Use the first few minutes of your one-on-one meetings to ask about their weekend or similar personal interest.
  • At the beginning of your weekly WAR meeting, have everyone spend 20-30 seconds sharing, “what was the best part of your weekend?” Or, “what’s going on good in your world these days?”
  • Create an online area (e.g., Slack channel, Basecamp chat, etc.) to discuss things like sports, movies, or even a monthly online book club.
  • Create an online area, or group email, where people can share photos of their pets, or from recent vacations, holidays, or other events.
  • Don’t forget to recognize team members for their effort and achievements. Share to the whole team positive feedback from customers, or internal customers.

Golden Rule #5: Invest (a Little) In Tools & Tech


Any workplace can survive a one or two-week work-from-home experiment; it’s not much different than an employee taking a vacation or sick time. But if you expect your team members to work for several months and keep their normal productivity, then you should be prepared to make at least a minimal investment in hardware and software. Consider:
  • The basics: high-speed WiFi, good ergonomic chair, external keyboard, mouse, and monitor for their laptop or tablet.
  • For video-conferencing software consider many free or low-cost options to start: Zoom, Skype, Microsoft Teams.
  • For teaming and project management software consider: Basecamp, Asana, Wrike, Monday.
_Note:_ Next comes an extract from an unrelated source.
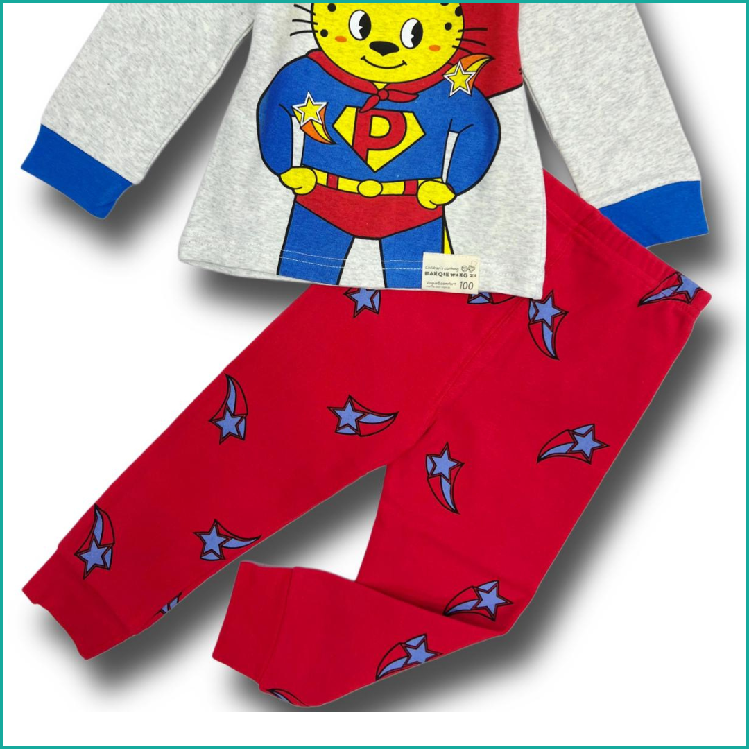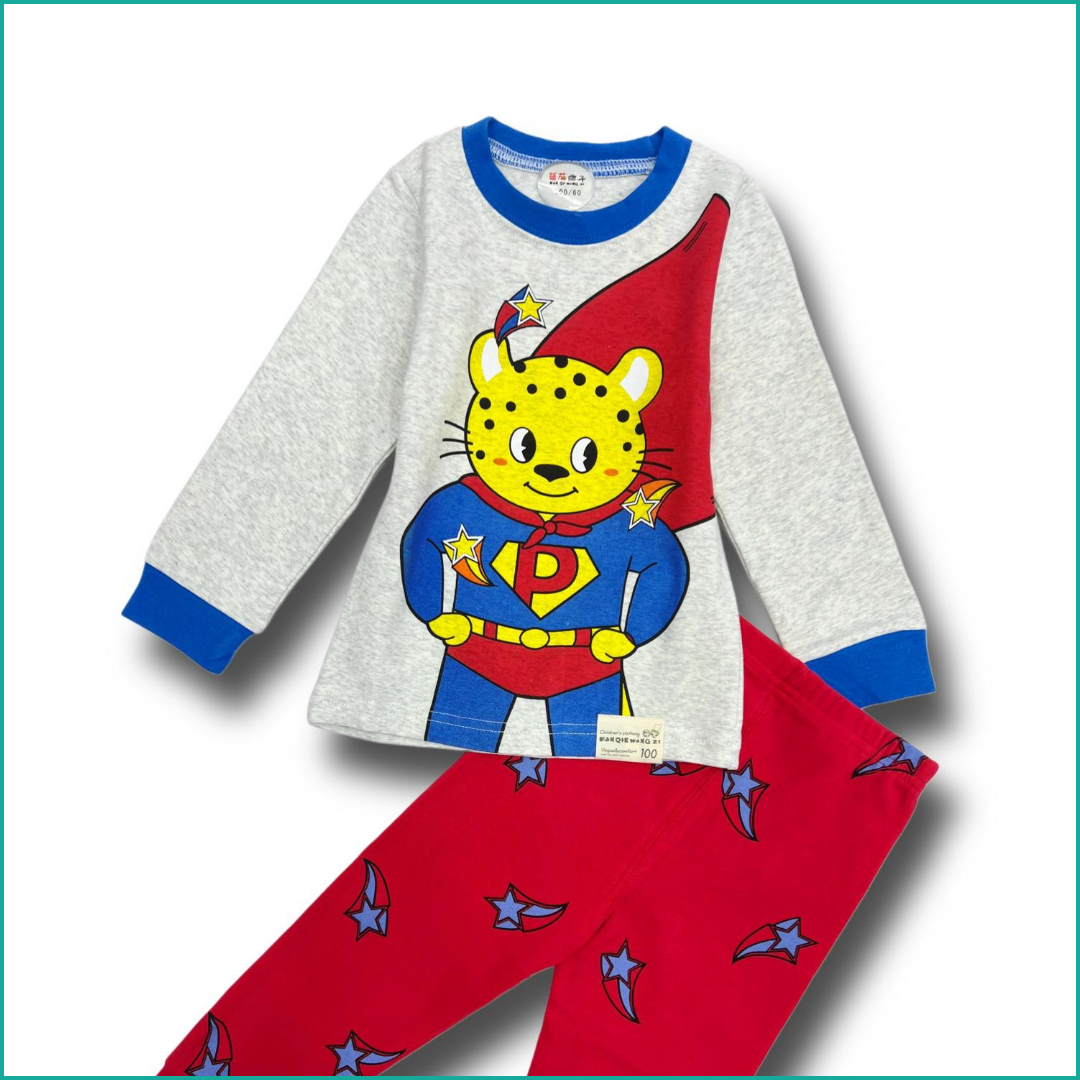 Panda Hero Full Sleeves Cotton Pajama set – Blue red

Golden Rule #6: Consider Personalities


Great leaders individualize their approach to leadership and take the time to truly understand what motivates and challenges each team member. Using popular behavioral assessments you can understand who on your team might have an easier or harder time with a work from home situation. The bottom line being each individual will respond according to their level of adaptability to the change, and hence, empathy & understanding are the keys to leadership in such times.

At Gubbacci, we tend to follow most of the above to engage our on-field workforce in sync with the business priority so that we can handle situations like this with slightly more ease. We have been successful by far and are constantly trying to better ourselves for enhanced productivity. This has given Gubbacci an edge over others to function day-in & day-out flawlessly.

We shall keep sharing our recommendations & experience along the way. Until then, stay safe, stay healthy & most of all stay proactively productive!